Still, these blades were in general shorter, wider and with less pronounced points, than their mid. 19th century siblings. While some individuals may have continued to carry these into the 1930s, hudiedao started to disappear from the streets as they were replaced by more modern and economical firearms. By the middle of the 20th century these items, if encountered at all, were no longer thought of as fearsome weapons of community defense or organized crime. Instead they survived as the tools of the “traditional martial arts” and opera props.

While it has touched on a variety of points, I feel that this article has made two substantive contributions to our understanding of these weapons. First, it pushed their probable date of creation back a generation or more. Rather than being the product of the late 19th century or the 1850s, we now have clear evidence of the widespread use of the hudiedao in Guangdong dating back to the 1830s, and a strong suggestion of their presence in the 1820s.

These weapons were indeed favored by civilian martial artists and various members of the “Rivers and Lakes” of southern China. Yet we have also seen that they were employed by the thousands to arm militias, braves and guards in southern China. Not only that we have accounts of thousands of individuals in the Pearl River Delta region receiving active daily instruction in their use in the late 1830s.

The popular view of hudiedao as exotic weapons of martial artists, rebels and eccentric pirates needs to be modified. These blades also symbolized the forces of “law and order.” They were produced by the thousands for government backed elite networks and paid for with public taxes. This was a reasonable choice as many members of these local militias already had some boxing experience. It would have been relatively easy to train them to hold and use these swords given what they already knew. While butterfly swords may have appeared mysterious and quintessentially “Chinese” to western observers in the 1830s, Lin supported their large scale adoption as a practical solution to a pressing problem.

This may also change how we think about the martial arts that arose in this region. For instance, the two weapons typically taught in the Wing Chun system are the “long pole” and the “bat cham do” (the style name for hudiedao).

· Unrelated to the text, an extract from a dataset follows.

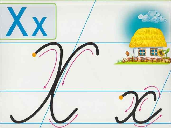 Алгоритм написання рядкової букви х ( «ха» ) 1. Починаємо писати нижче верхньої рядкової лінії 2. Ведемо, заокруглюючи праворуч, угору до верхньої рядкової лінії 3. Торкнувшись верхньої рядкової лінії, ведемо вниз на себе, теж заокруглюючи 4. Біля нижньої рядкової лінії заокруглюємо ліворуч 5. Торкаючись нижньої лінії робочого рядка, ведемо вгору 6. Закінчуємо писати близько середини робочого рядка 7. Відступивши від першого елемента відстань, що дорівнює ширині першого півовала, і нижче верхньої міжрядкової лінії пишемо лівий півовал 8. Ведемо, заокруглюючи ліворуч угору 9. Торкаючись верхньої рядкової лінії, заокруглюємо вліво вниз на себе 10. Торкнувшись першого елемента трохи нижче верхньої рядкової, ведемо по писаному до середини робочого рядка 11. Торкнувшись нижньої рядкової лінії, заокруглюємо праворуч угору 12. Закінчуємо писати близько середини робочого рядка Алгоритм написання великої букви X ( «ха» ) 1. Починаємо писати нижче верхньої міжрядкової лінії 2. Ведемо, заокруглюючи праворуч, угору до верхньої міжрядкової лінії 3. Торкнувшись верхньої міжрядкової лінії, ведемо вниз на себе, теж заокруглюючи 4. Біля нижньої рядкової лінії заокруглюємо ліворуч 5. Торкаючись нижньої лінії робочого рядка, ведемо вгору 6. Закінчуємо писати близько середини робочого рядка 7. Відступивши від першого елемента відстань, що дорівнює ширині першого півовала, і нижче верхньої міжрядкової лінії пишемо лівий півовал 8. Ведемо, заокруглюючи ліворуч угору 9. Торкаючись верхньої міжрядкової лінії, заокруглюємо вліво вниз на себе 10. Торкнувшись першого елемента трохи нижче верхньої міжрядкової, ведемо по писаному до середини робочого рядка 11. Торкнувшись нижньої рядкової лінії, заокруглюємо праворуч угору

The explanations for these weapons that one normally encounters are highly exotic and focus on the wandering Shaolin monks (who were famous for their pole fighting) or secret rebel groups intent on exterminating local government officials. Often the “easily concealable” nature of the hudiedao are supposed to have made them ideal for this task (as opposed to handguns and high explosives, which are the weapons that were actually used for political assassinations during the late Qing).

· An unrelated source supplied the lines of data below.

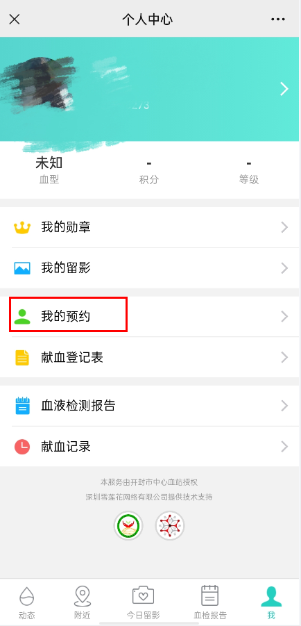 点击下方菜单栏“献血预约”
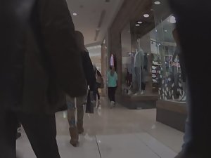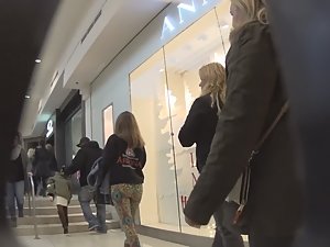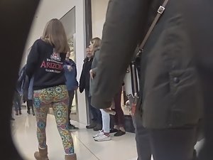 It isn't possible to miss her in the store. Those tights have so many colors on them that they make her tight ass scream for attention. She was browsing the store and I kept browsing her legs and ass in leggings and I kind of like the way she dresses like a total attention whore.
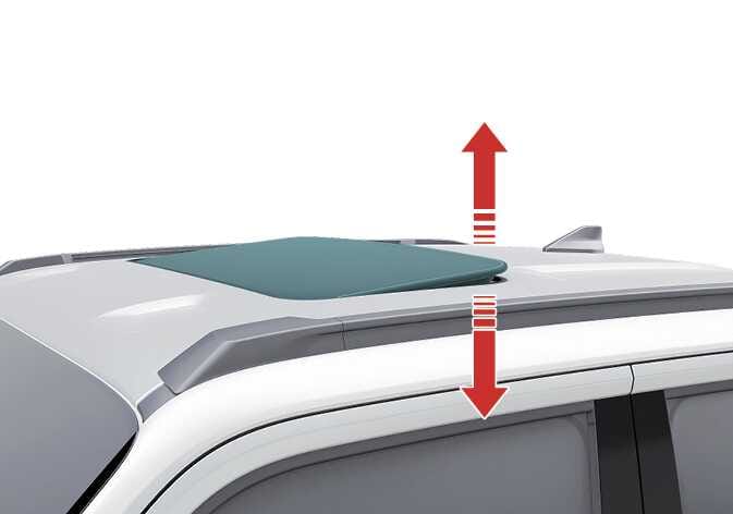 선루프 스위치를 위쪽으로 누르면 선루프 글라스가 틸트 상태로 열립니다.

Our new understanding of the historical record shows that what Wing Chun actually teaches are the two standard weapons taught to almost every militia member in the region. One typically learns pole fighting as a prelude to more sophisticated spear fighting. However, the Six and a Half Point pole form could easily work for either when training a peasant militia. And we now know that the butterfly swords were the single most common side arm issued to peasant-soldiers during the mid. 19th century in the Pearl River Delta region.

The first historically verifiable appearance of Wing Chun in Foshan was during the 1850s-1860s. This important commercial town is located literally in the heartland of the southern gentry-led militia movement. It had been the scene of intense fighting in 1854-1856 and more conflict was expected in the future.

We have no indication that Leung Jan was a secret revolutionary. He was a well known and well liked successful local businessman. Still, there are understandable reasons that the martial art which he developed would allow a highly educated and wealthy individual, to train a group of people in the use of the pole and the hudiedao. Wing Chun contains within it all of the skills one needs to raise and train a gentry led militia unit.

The evolution of Wing Chun was likely influenced by this regions unique history of militia activity and widespread (government backed) military education. I would not be at all surprised to see some of these same processes at work in other martial arts that were forming in the Pearl River Delta at the same time.

-BENJUDKINS


*Re photo: GGM Ip Man with his swords. Hong Kong, late 1960s.